> **Problem requirements**: Shown below are entries with pictures; the line with "You can elevate" through the line with "Εννέα σεισμικές δονήσεις" is the span to retype exactly, and the pictures stay out.

> **Material shown**:
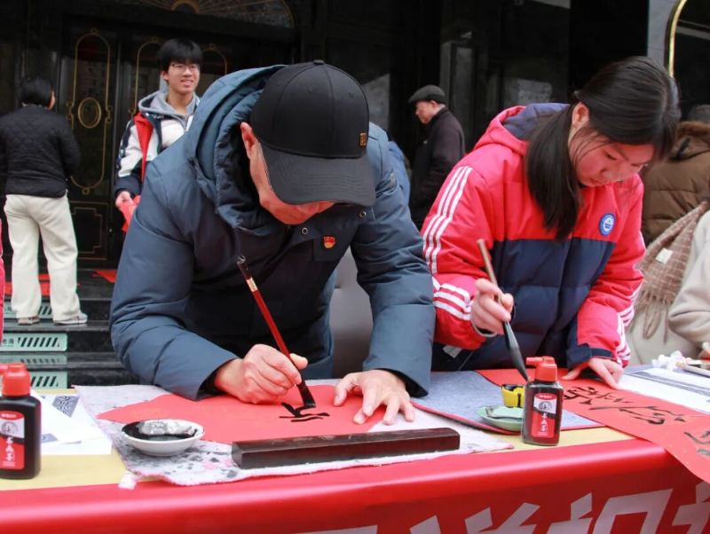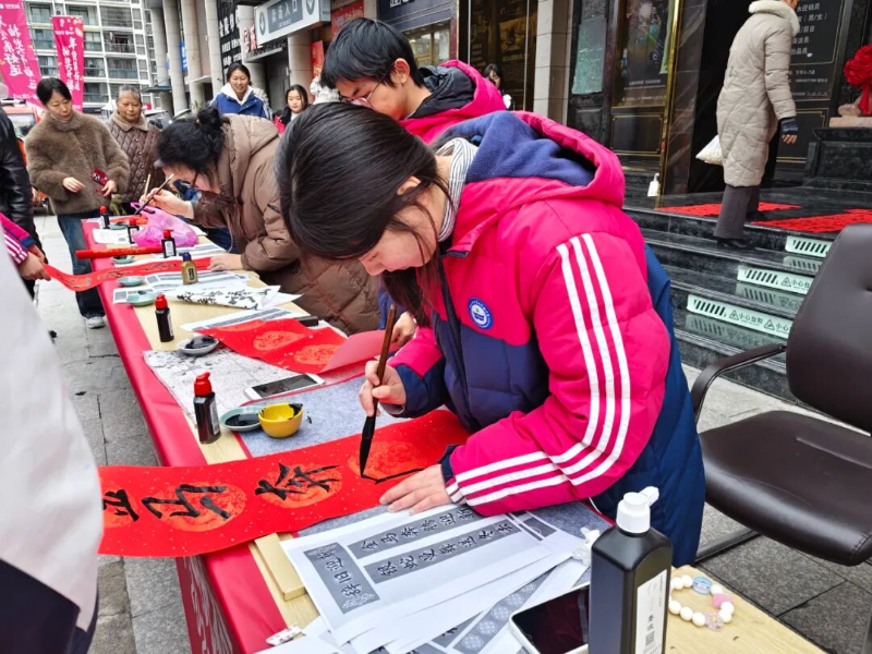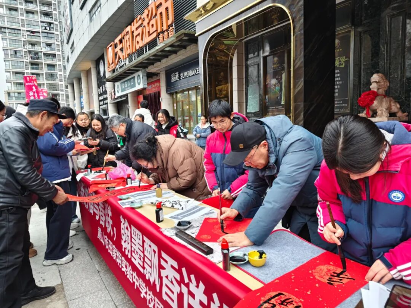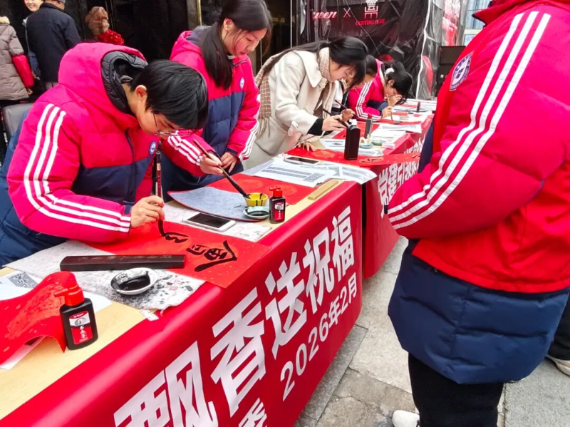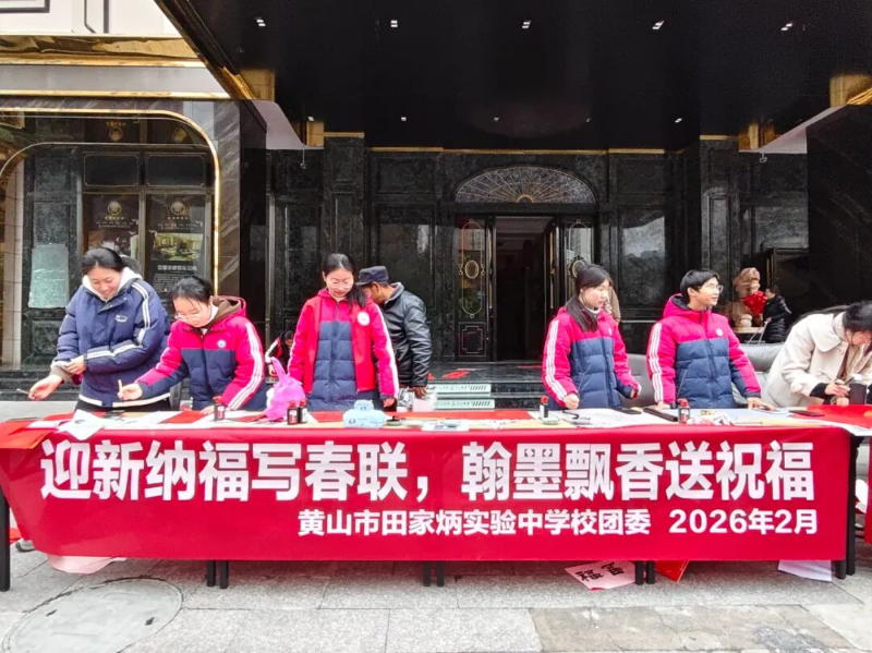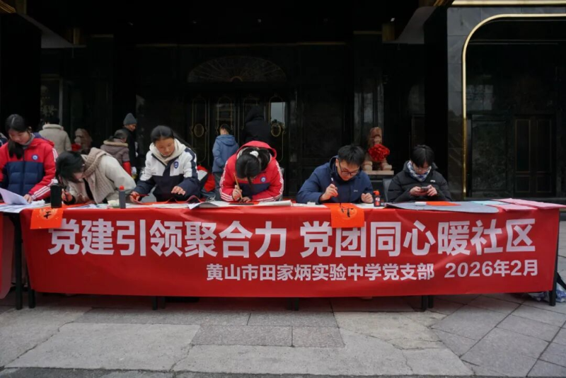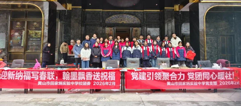 律回春渐,福启新程。为深入贯彻党建引领基层治理的重要精神,充分发挥校社党组织战斗堡垒作用与党员先锋模范作用,推动党团共建与育人实践深度融合,2月7日下午,黄山市田家炳实验中学联合湖边社区,于湖边商城广场开展“翰墨迎新春,党建暖民心”校社联动志愿服务活动。活动以“导-师-制+”为抓手,将文化传承、便民服务与导师育人有机结合,为社区居民送去新春的温暖与关怀。
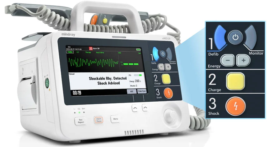uMED 20 также оснащен двухфазной технологией 360J и технологией QShockTM, которые еще больше повышают эффективность дефибрилляции
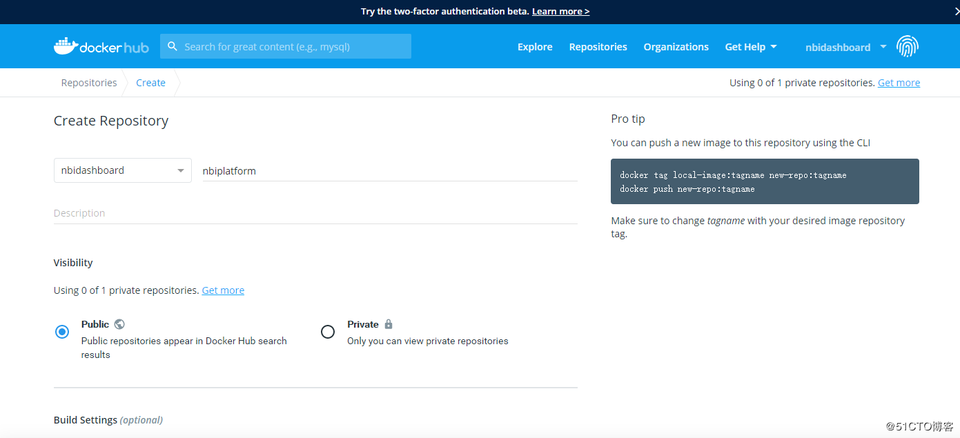 (2)賬號(hào)注冊(cè)好之后,我們創(chuàng)建一個(gè)倉(cāng)庫(kù),用于存放鏡像
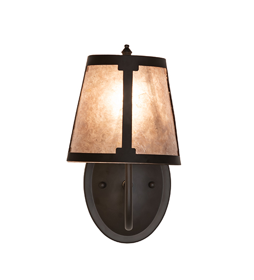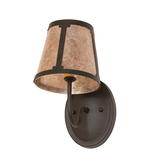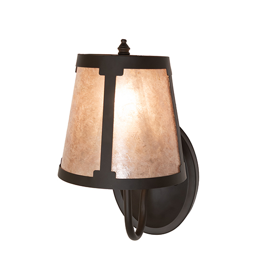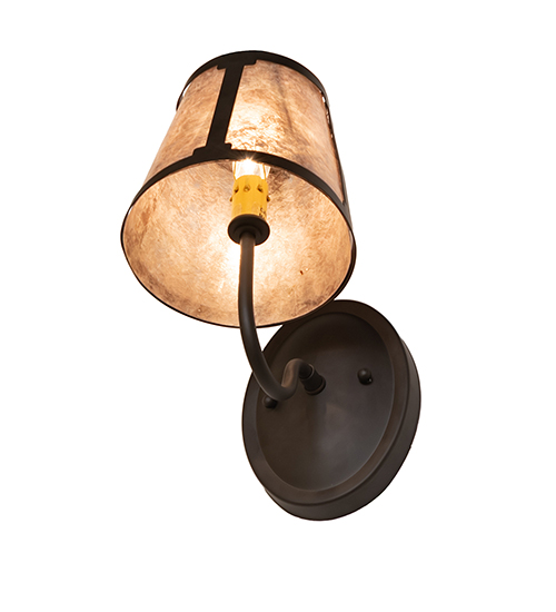 You can elevate your space with this stunning curvaceous wall sconce. Talmont features a sleek Silver Mica shade, which is perched on an Ivory faux candlelight. The wall fixture is enhanced with a curved arm and a round backplate featured in an Oil Rubbed Bronze finish. The mica shade offers a classic, tapered design that renders a handsome look and beautiful ambient illumination. This wall luminaire is ideal for use in hallways, dining areas, and living spaces in residential and hospitality settings. The Talmont Wall Sconce is part of our American-made, American-designed, handcrafted Transitional Lighting Collection, and is manufactured in Yorkville, New York. UL and cUL listed for dry and damp locations.
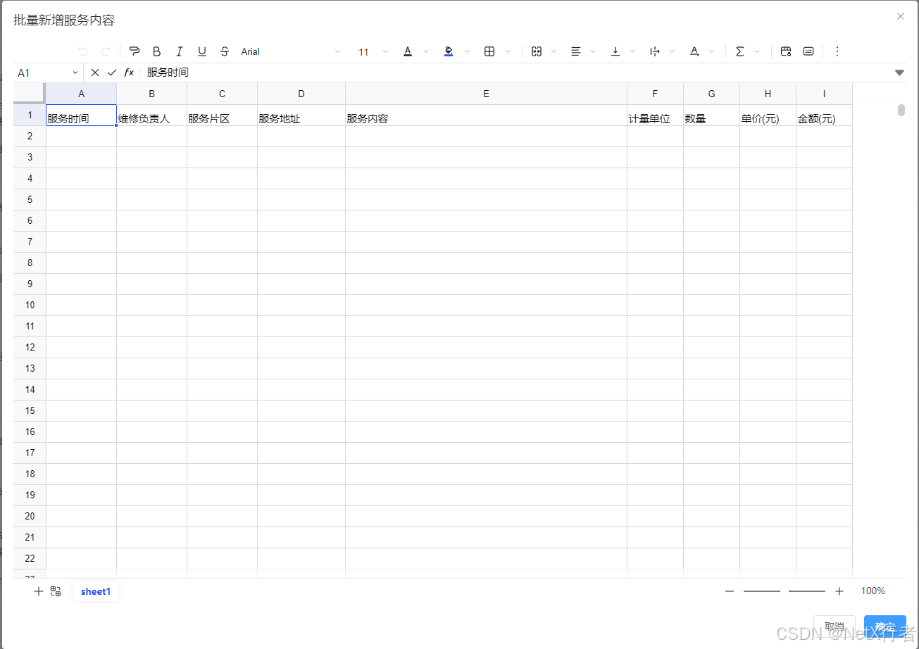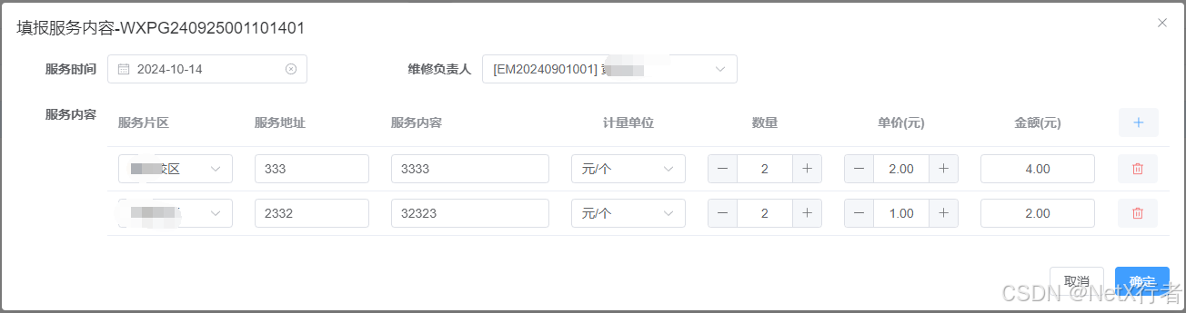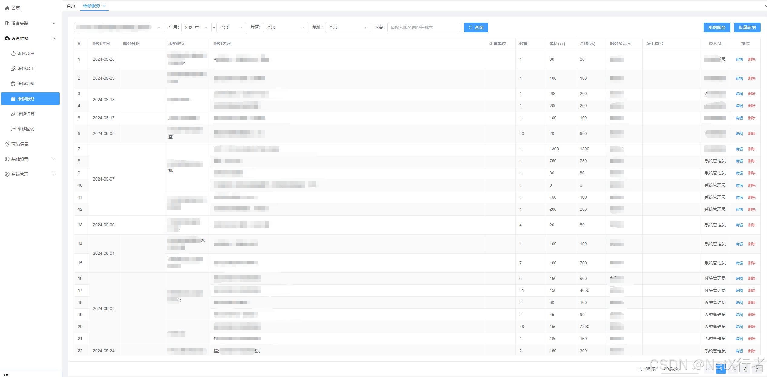 - 维修服务:该功能模块用于管理项目各个时间段的维修服务内容,项目维修服务内容除了派工维修负责人在完成服务后,通过“服务内容填报”功能完成服务内容录入之外,也可以直接通过该模块录入服务内容,在此功能模块中,还开放了批量录入功能。参考界面如下:
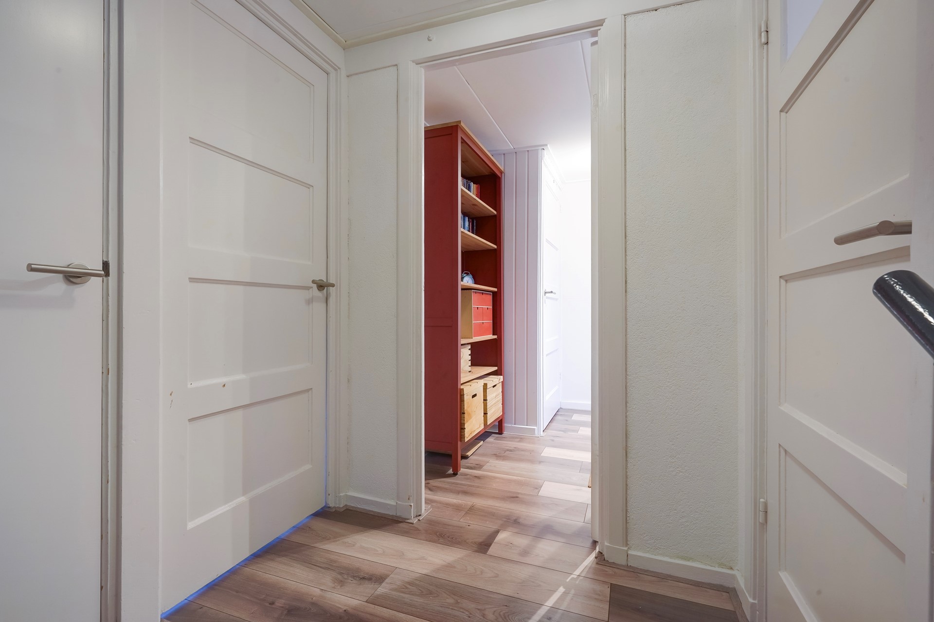 Overloop met vaste trap naar de tweede verdieping en een opstelplaats voor wasmachine en droger. Aan de achterzijde bevindt zich een slaapkamer met inbouwkast. Aan de voorzijde ligt een tweede slaapkamer met kunststof kozijn.
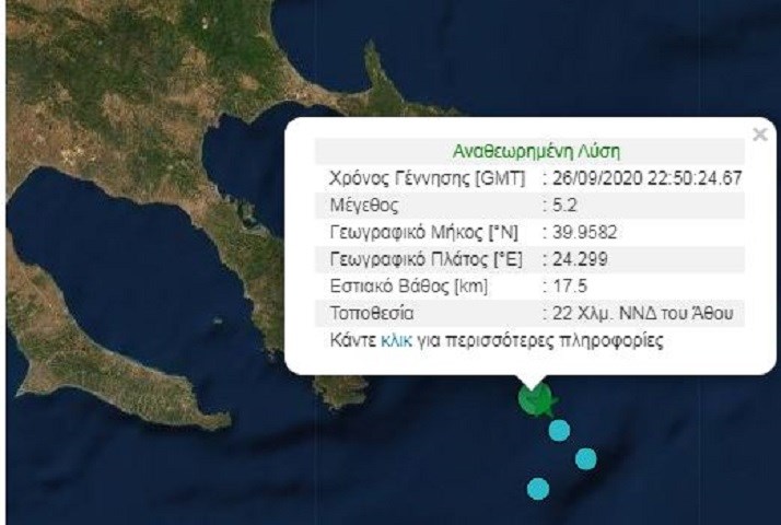 Εννέα σεισμικές δονήσεις εντάσεως από 2,4 έως 5,2 Ρίχτερ καταγράφηκαν ανοιχτά της Χαλκιδικής σε διάστημα πέντε ωρών. Ο πρώτος σεισμός σημειώθηκε στις 21:39 το βράδυ του Σαββάτου και ήταν έντασης 4,4 Ρίχτερ.
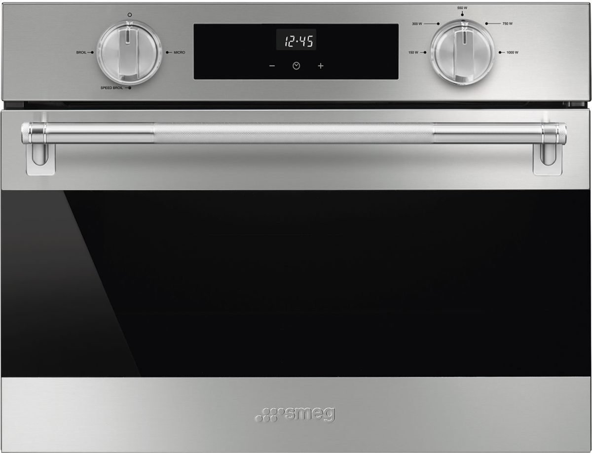 The Smeg 24" Fingerproof Stainless Steel Oven/Microwave Combo Electric Wall Oven has Microwave energy that shortens cooking times dramatically and produces energy savings. The use of the grill results in a perfect browning of the surface of the food. The action of microwaves allows instead of cooking in a short time the internal part of the food.Read More
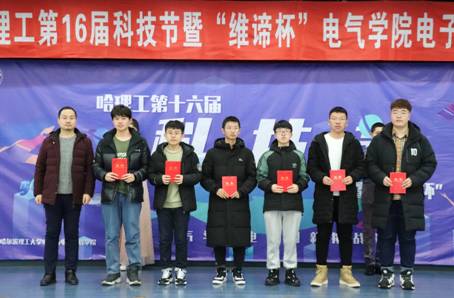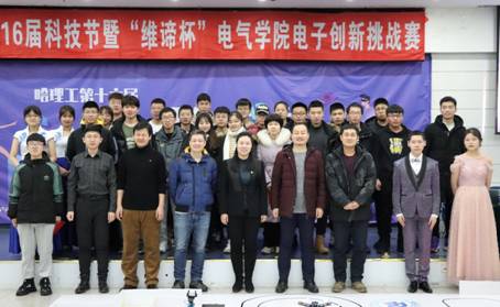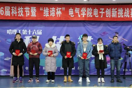 为进一步深入贯彻落实党的十九大精神,加强学生“德智体美劳”全面发展,培养学生社会责任感、创新意识以及实践能力,营造积极向上的校园科技学术氛围,促进大学生课外科技学术活动蓬勃发展,鼓励哈理工学子主动发现、自主研究、自主创新,2020年12月6日,哈尔滨理工大学第十六届科技节暨“维谛杯”电气与电子工程学院电子创新挑战赛决赛在一号楼举行。此次大赛由校团委主办,电气与电子工程学院承办,10支参赛队伍和学院党委副书记张颖、电气系统及其自动化系副主任李隆、理论电工实验室副主任陈才、学院团委书记周广、20级辅导员张宏亮、学院学生会指导教师李琦老师出席了本次活动。

> **Exercise response**:
 You can elevate your space with this stunning curvaceous wall sconce. Talmont features a sleek Silver Mica shade, which is perched on an Ivory faux candlelight. The wall fixture is enhanced with a curved arm and a round backplate featured in an Oil Rubbed Bronze finish. The mica shade offers a classic, tapered design that renders a handsome look and beautiful ambient illumination. This wall luminaire is ideal for use in hallways, dining areas, and living spaces in residential and hospitality settings. The Talmont Wall Sconce is part of our American-made, American-designed, handcrafted Transitional Lighting Collection, and is manufactured in Yorkville, New York. UL and cUL listed for dry and damp locations.
 - 维修服务:该功能模块用于管理项目各个时间段的维修服务内容,项目维修服务内容除了派工维修负责人在完成服务后,通过“服务内容填报”功能完成服务内容录入之外,也可以直接通过该模块录入服务内容,在此功能模块中,还开放了批量录入功能。参考界面如下:
 Overloop met vaste trap naar de tweede verdieping en een opstelplaats voor wasmachine en droger. Aan de achterzijde bevindt zich een slaapkamer met inbouwkast. Aan de voorzijde ligt een tweede slaapkamer met kunststof kozijn.
 Εννέα σεισμικές δονήσεις εντάσεως από 2,4 έως 5,2 Ρίχτερ καταγράφηκαν ανοιχτά της Χαλκιδικής σε διάστημα πέντε ωρών. Ο πρώτος σεισμός σημειώθηκε στις 21:39 το βράδυ του Σαββάτου και ήταν έντασης 4,4 Ρίχτερ.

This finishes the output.